But Asticot was awfully wrong; in the darkness he rushed full speed into an elastic barrier of mesh wire which supported the hedge of sweet peas separating garage and stables; and as he rebounded, Warner caught him and coolly began to beat him up.

The beating was deliberate, methodical, and merciless; the blows fell with smart cracks upon the features of Asticot, right, left, sometimes hoisting him off his large, flat feet, sometimes driving him dizzily earthward; but another blow and a savage jerk always brought him up to be swung on again, battered, knocked flying, and finally smashed into merciful insensibility.

Asticot was in a dreadful mess as he lay there on the grass. Vignier, the chauffeur, and a stable lad, Henri, had appeared with a lantern at the débâcle of Monsieur Asticot.

Warner, breathing rapidly, waited a few moments to recover his breath.

"Take him into the harness room and lay him on a blanket," he managed to say. "Keep your eyes on him, Vignier, until I return. There's another of them, but I'm afraid he's cleared out."

As a matter of fact, Squelette had cleared out.
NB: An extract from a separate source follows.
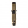 Replika Glock 19X 6 mm coyote CO2 ma metalowy ruchomy zamek oraz polimerowy szkielet w wojskowej kolorystyce coyote.
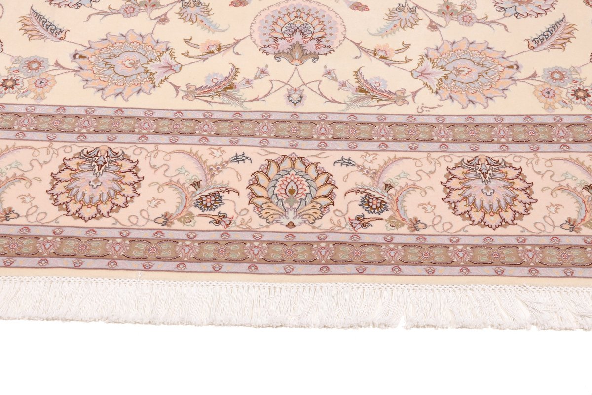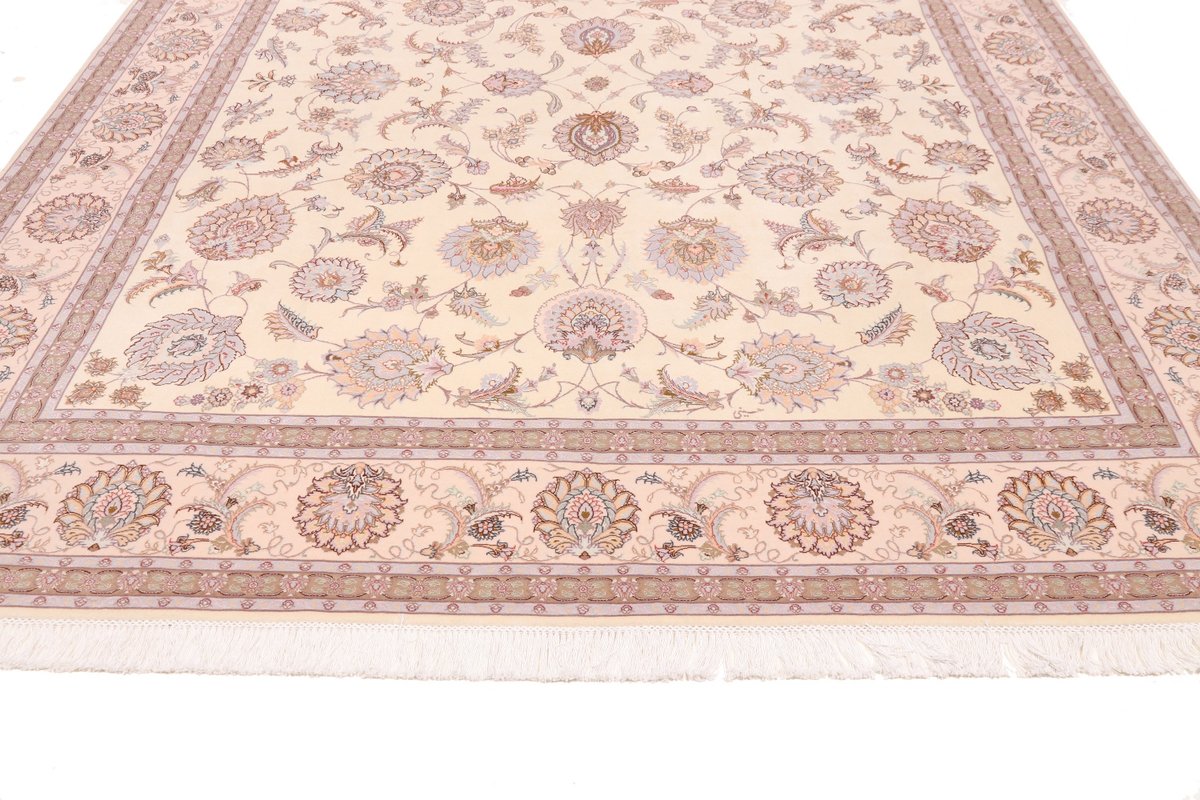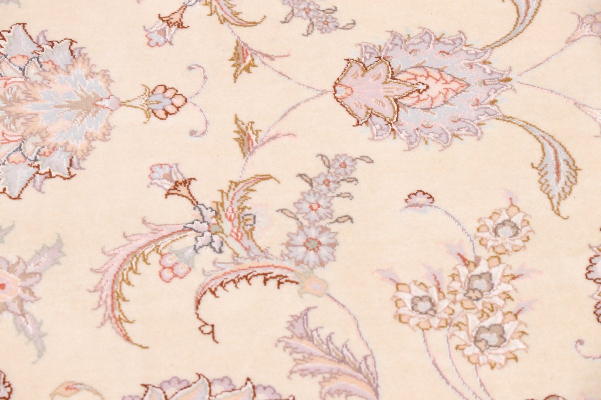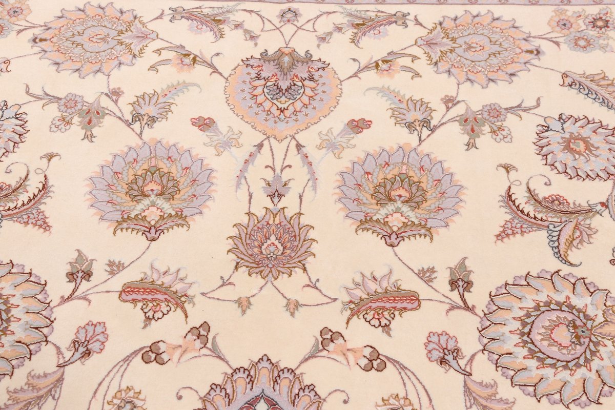 Für die besondere Eleganz des Täbriz-Flors sorgen hervorragende Materialien wie samtig anmutende Korkwolle und glänzende Seidenfäden. Die Knüpfqualität eines Täbriz-Teppichs lässt sich aus der angegebenen Raj-Zahl erschließen – je höher diese ausfällt, umso feiner ist die Knüpfdichte, die eine Million und mehr Knoten pro Quadratmeter erreichen kann. Bei besonders feingeknüpften Qualitäten kommt für die Kette statt des üblichen Baumwollgarns sogar Seide zum Einsatz.

He must have scaled the wall somewhere, for the gates were locked, and the old lodge keeper was evidently asleep.

The lad, Henri, came up, armed with a stable fork, and followed by the head gardener, Maurice, shouldering a fowling piece and marshaling in his wake half a dozen others—grooms, under-gardeners, and a lad or two employed about the place.

They beat the shrubbery for an hour; then Warner left them to explore the wooded strip along the base of the wall with their flashlights and lanterns, and went back to the stable where lay Asticot, badly in need of bandages and protracted repose.

Vignier met Warner at the stable door.

"Has he come to?" inquired the latter, who had begun to feel a little worried.